J’ai fait tuer mon premier enfant. Voilà comment, quatorze années après cet avortement qui a bouleversé ma vie, je résume froidement la situation.

Je m’appelle Marie, j’ai maintenant 34 ans et rares sont les jours qui passent sans que je ne revive cet horrible moment.

J’avais vingt ans, j’étais étudiante et amoureuse de mon compagnon depuis 6 mois. Je suis tombée enceinte car ce désir était enfoui en moi. Mais je n’ai pas accepté la réalité. Sur mes carnets, j’écrivais : « il n’y a pas de vie en moi, seulement un amas de cellules. » Aujourd’hui, je ne comprends toujours pas comment j’ai pu penser et écrire une telle absurdité.

Les formalités administratives se sont enchaînées très vite. À l’époque, quelques jours de réflexion m’ont été laissés, mais mon immaturité, mon ignorance des conséquences que cet avortement allait entraîner et le fait que je n’avais pas réussi à en parler à mes parents, n’ont fait que me précipiter vers cet acte irréversible.

Toutes mes cellules se souviennent du comprimé à avaler avant l’opération. Mon corps n’oublie pas l’intrusion violente d’un outil, l’aspiration absurde de ce que j’avais de plus cher. Mon cœur s’est emballé si vite que j’ai poussé un cri strident : la peur de mourir me tenaillait. Mais ce n’est pas moi qui mourais.

À la sortie de l’hôpital, des larmes coulèrent et un soulagement m’envahit. Je me disais que la tempête était passée. Mais c’était sans compter sur la mémoire de mon corps, et sur mon esprit qui chercherait le pardon, avec rage, pendant des années.

Par la suite, cinq années s’écoulèrent dans l’insouciance de la jeunesse. Puis vient le jour où je tombais de nouveau enceinte, grossesse « socialement » désirée cette fois. J’avais 25 ans et j’étais toujours avec le même homme. La joie m’envahit quelques secondes puis elle laissa place à la peur. Une peur stressante, qui m’oppressait, serrait mon estomac. La nuit je cauchemardais en poursuivant quelqu’un avec un couteau que je finissais par tuer. Je me réveillai en sursaut, trempée de culpabilité. J’avais peur de cette vie qui grandissait en moi. Neuf semaines plus tard, emportée par une douloureuse couleur rouge, je perdais cette minuscule promesse : c’était comme si mon corps se souvenait. Mais de quoi ? Je ne comprenais pas. Pourquoi cette fausse couche ? Ma conscience fermait encore les yeux pour me préserver de la folie qui pourrait me submerger. Mais mon inconscient, lui, se souvenait.

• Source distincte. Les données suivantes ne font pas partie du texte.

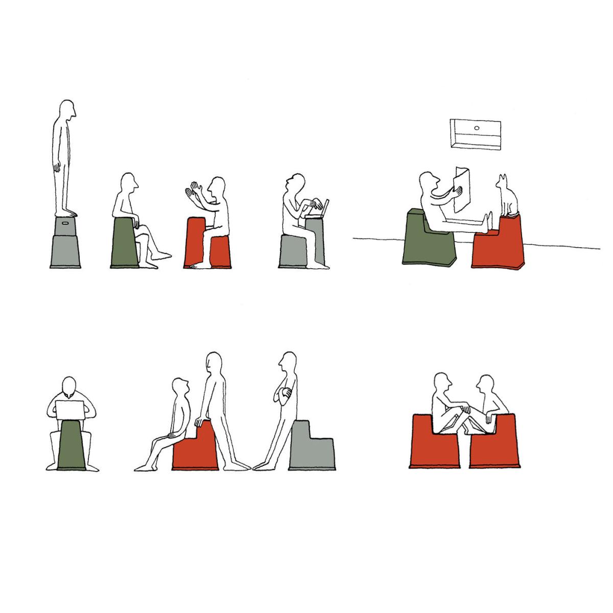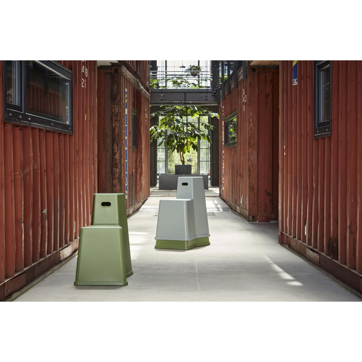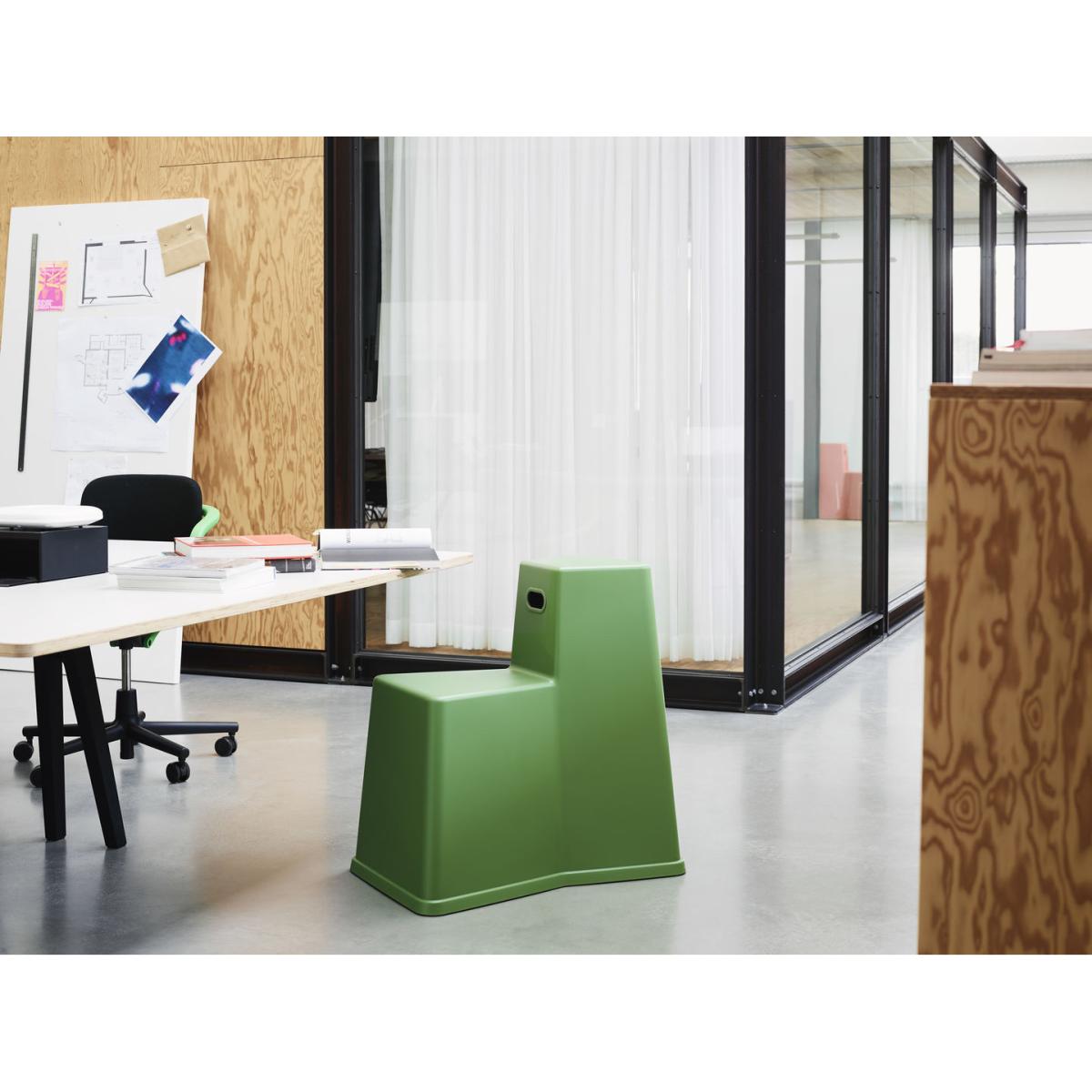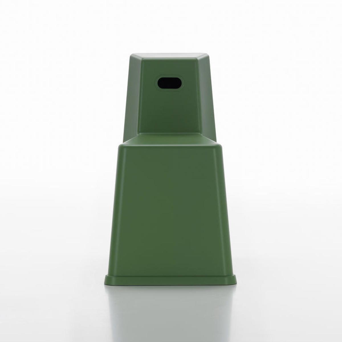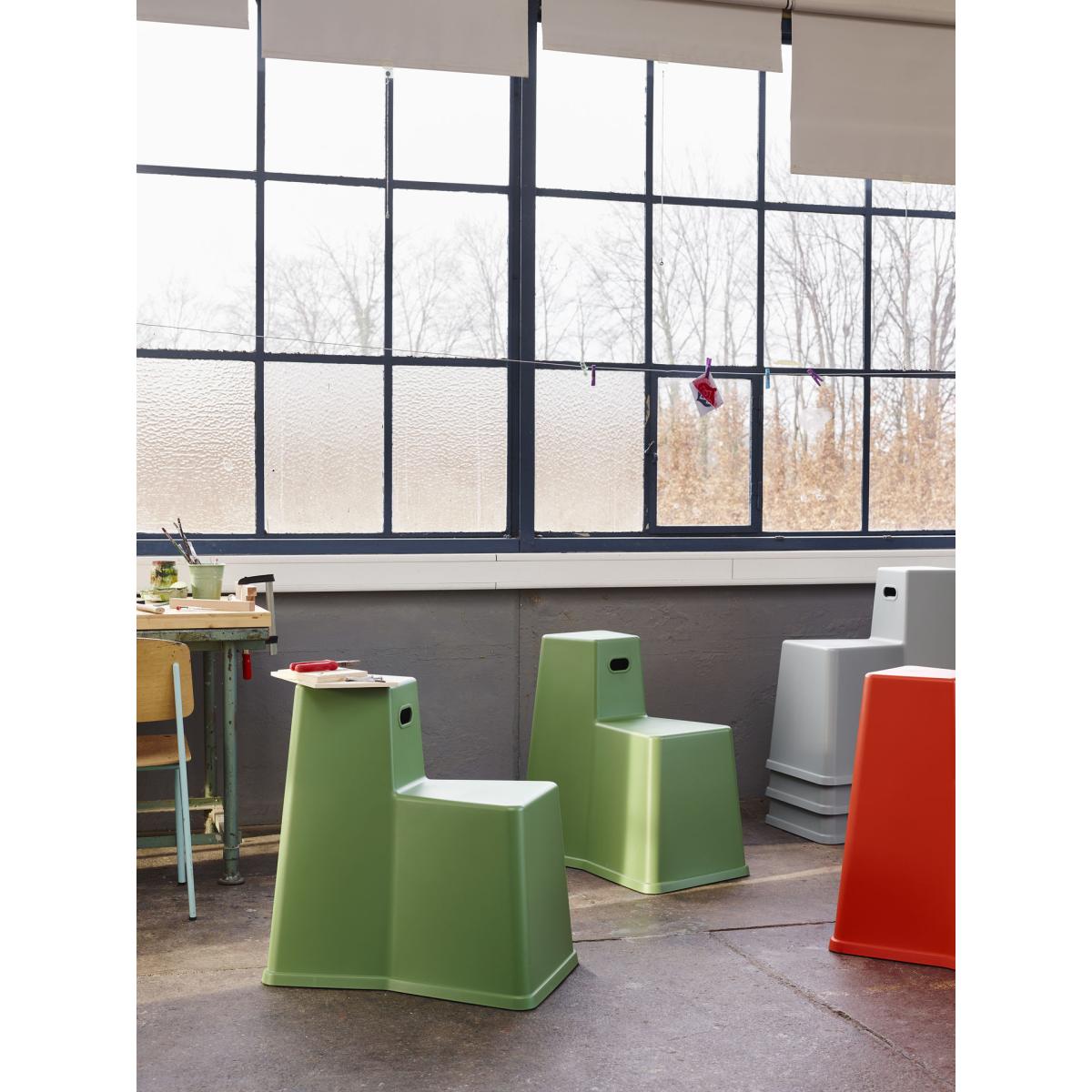 Many of German designer Konstantin Grcic's products have won international design awards and his work is part of the permanent collections of the most important design museums (such as MoMA in New York and the Centre Georges Pompidou in Paris). Created in 2016, the Stool-Tool looks like a monolithic sculpture and invites users to spontaneously try out its many options. With its step-shaped platforms, Stool-Tool unites chair and side table in a single object. Its use intuitively reveals lots of possible seating positions and functions: stool, step, side table. The backrest platform can be used as a small work or storage surface. Lightweight and stackable, the Stool-Tool can be easily transported thanks to a cut-out handle. It can be used indoors and out. A versatile work tool, Stool-Tool is a multifunctional piece of office furniture that brings added value to any workspace. Stool-Tool is suitable for the most varied fields of use: office as well as living room, library, children's room, including areas used as workshops and for meetings.

Un an plus tard, j’étais encore enceinte. L’angoisse grandit en même temps que les semaines passèrent. Un sentiment étrange se nicha en moi : mon corps refusait de protéger ce petit être à cause du traumatisme qu’il avait déjà subi par le passé. Cette troisième grossesse se termina comme la deuxième, autour de neuf semaines, par une fausse couche.

Mon corps me suppliait de m’excuser auprès de lui. Et auprès de cet enfant, je cherchais désespérément un pardon. Comprendre le sens de cet acte passé m’obsédait. J’étais coupable car j’avais ôté la vie à un tout-petit, le mien !

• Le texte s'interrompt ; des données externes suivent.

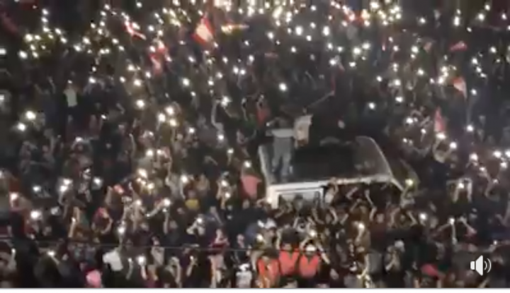 Une dame prend la parole en manifestation : « Je veux prendre la parole parmi ses jeunes parce que je suis une mère. J’ai 58 ans, j’ai élevé mes enfants de mes propres larmes. Et maintenant on veut me prendre mes enfants, ils partent tous les deux. Ils leur ont volé leur avenir. Où est-ce-que je vieillirais moi ? Mes deux enfants me laissent seule ici. » Et, en arrière plan, on entend Révolution, révolution… Puis sa fille prend la parole : « Il me reste encore deux mois maximum dans ce pays (…) J’ai 27 ans, ça fait 5 ans que j’ai fini mes études, je n’ai pas réussi à trouver du travail ni planifier mon avenir. Je leur laisse le pays et je m’en vais. C’est un pays qui ne respecte rien ! (…) Où sont les droits de leur peuple ? »
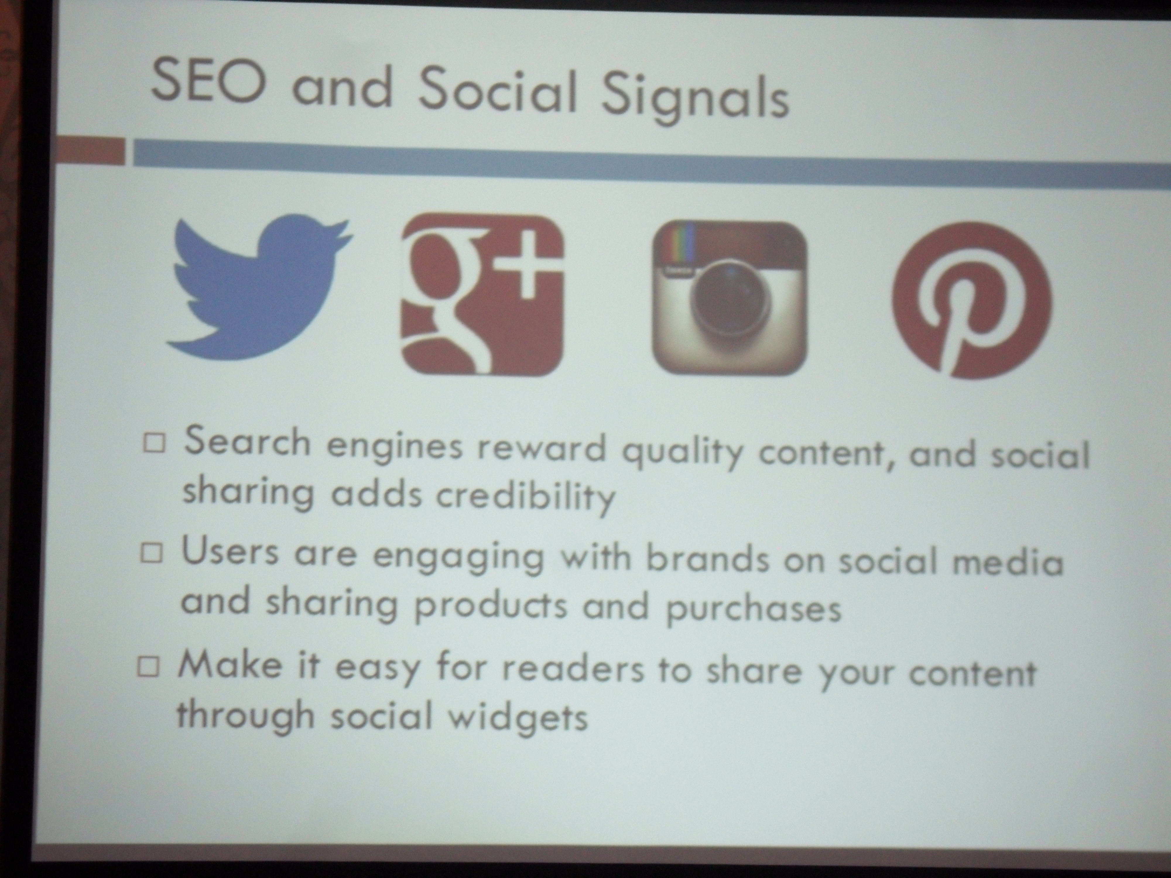 I went to another session on Google Analytics: Moving Beyond Pageviews that proved to be extremely helpful. You can check out the presentation here. I thought I had a good idea about how Google Analytics worked, but quickly realized I have a lot to learn. The Search Engine Optimization (or SEO) session, Building Your Blog Through Organic SEO, Social Signals and Image Optimization, was equally helpful. We learned about Google’s Panda and Penguin updates that have really changed how SEO works and are starting to make quality of content more important to your Google ranking. I also learned that I need to stop neglecting Google+ (not surprisingly) if I want to create the biggest impact possible.
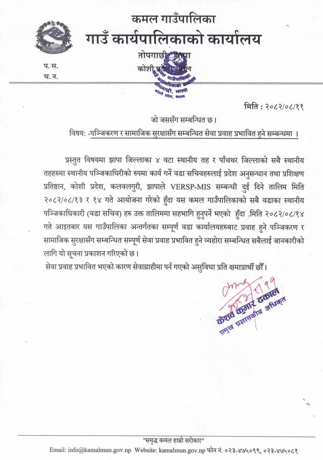 » पञ्जिकरण र सामाजिक सुरक्षासँग सम्बन्धित सेवा प्रवाह प्रभावित हुने सम्बन्धमा ।
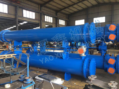該冷卻器采用雙聯(lián)結(jié)構(gòu),由兩只相同面積的冷油器和三通閥裝置構(gòu)成,一只工作,一只備用,每個冷卻器能承擔(dān)整個系統(tǒng)的冷卻負(fù)荷,管板一頭固定,一頭浮動、可拆卸的管束和水室箱蓋,便于運(yùn)行過程中清洗、檢查和維修。冷卻器的材質(zhì),根據(jù)使用場所、水系統(tǒng)條件可有多種選擇。
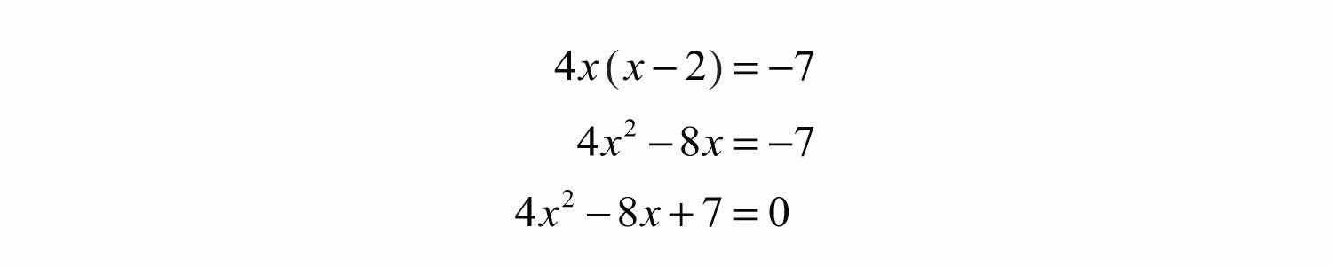 Solution: Begin by rewriting the quadratic equation in standard form.
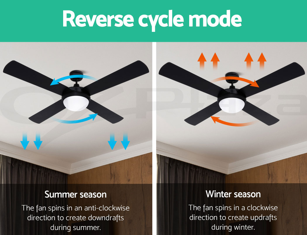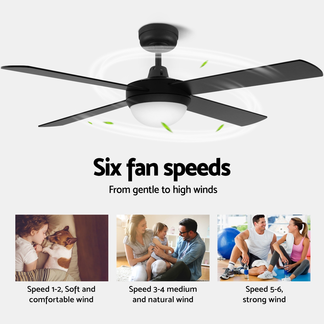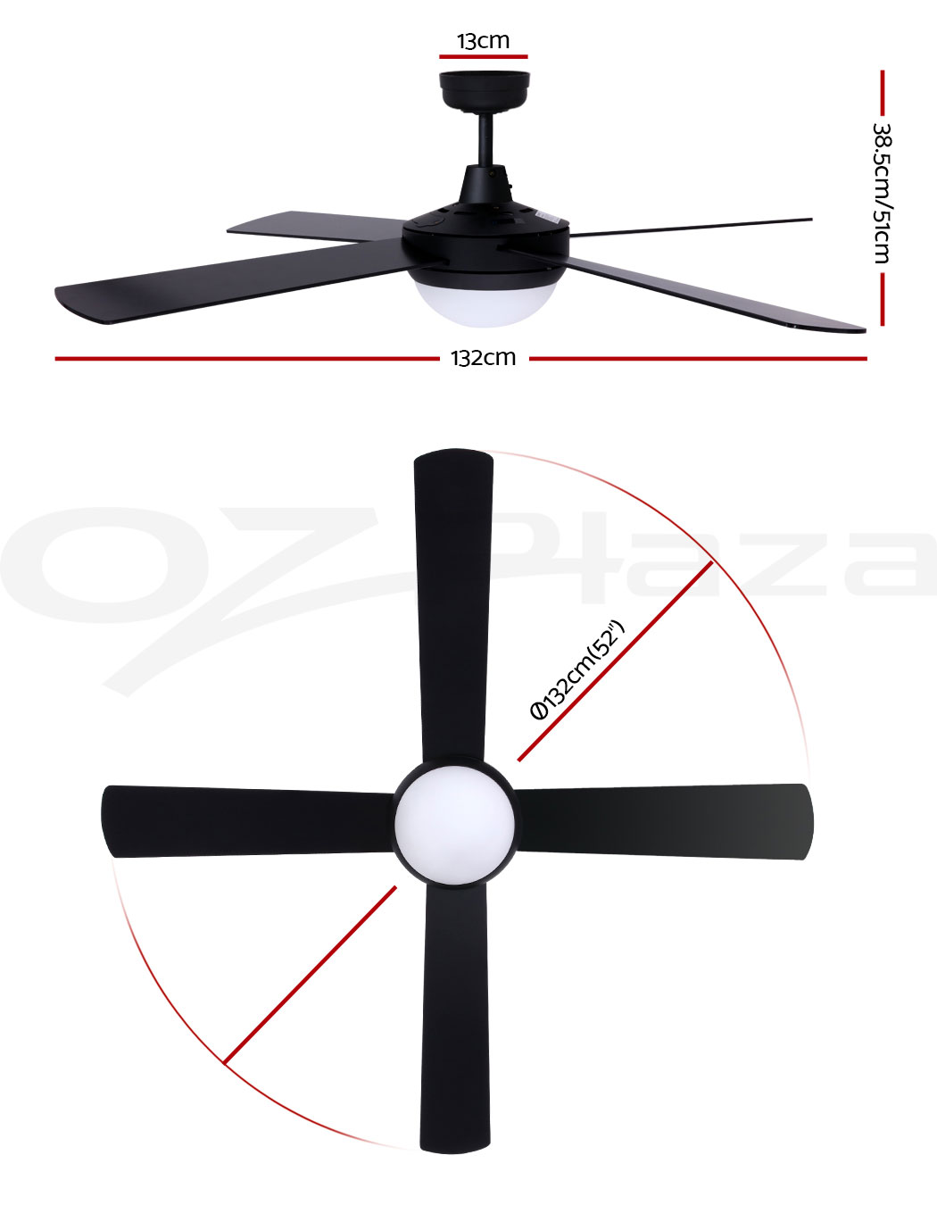 Gentle breezes, light drafts or high winds, the Devanti 52" Ceiling Fan is ever ready to meet your requirements easily. With six fan speeds, the contemporary-design ceiling fan also has a reverse cycle motor that can create downdrafts during summer or updrafts during winter for greater comfort. Its four high-quality wooden blades are pitched at an airflow-inducing 12 degree for more effective wind creation. Plus, its energy-efficient 35W motor operates ever so quietly. Also featured is built-in memory-enabled LED lighting that can bring on a cool white, warm white or neutral lighting ambience to go with the fanning function. Better still, the fan can be set for up to 8 hours of timed operation and the handy remote control makes this fan a breeze to use from anywhere in the room. The ceiling fan also comes with all the accessories for an easy installation including an extension rod. Available in black, white or silver colour to match your decoration easily.

De ma vie, je n’avais jamais été ouverte à la grâce divine. J’étais comme imperméable au fait religieux. Pourtant lors d’un enterrement, le Ciel s’ouvrit pour moi. Un crucifix m’attira ; il me fit entrevoir une paix qui pourrait se poser sur mon cœur. Quelques semaines plus tard, je cheminais vers le baptême. On me parla de la confession. La miséricorde de Dieu, son infinie bonté. Je le savais désormais : ma libération était là. Recevoir le pardon était la seule façon de me libérer de cette culpabilité oppressante qui m’empêchait d’avancer. Je la méritais, cette souffrance, mais j’avais besoin du pardon de notre Seigneur. Ma faute était immense et irréparable mais j’étais devenue fille de Dieu. Même si j’avais reçu le baptême, j’ai ressenti le besoin de confesser mon avortement. Ma première confession a été comme une porte ouverte sur la lumière, une longue caresse du Christ remplie de larmes de peine et de joie. J’ai pu poser mon fardeau et Il l’a pris sur Lui. Jamais je n’oublierai la paix qui m’envahit ce jour-là. Une joie profonde d’avoir été pardonnée et d’être comme réintégrée et légitimée dans la vie.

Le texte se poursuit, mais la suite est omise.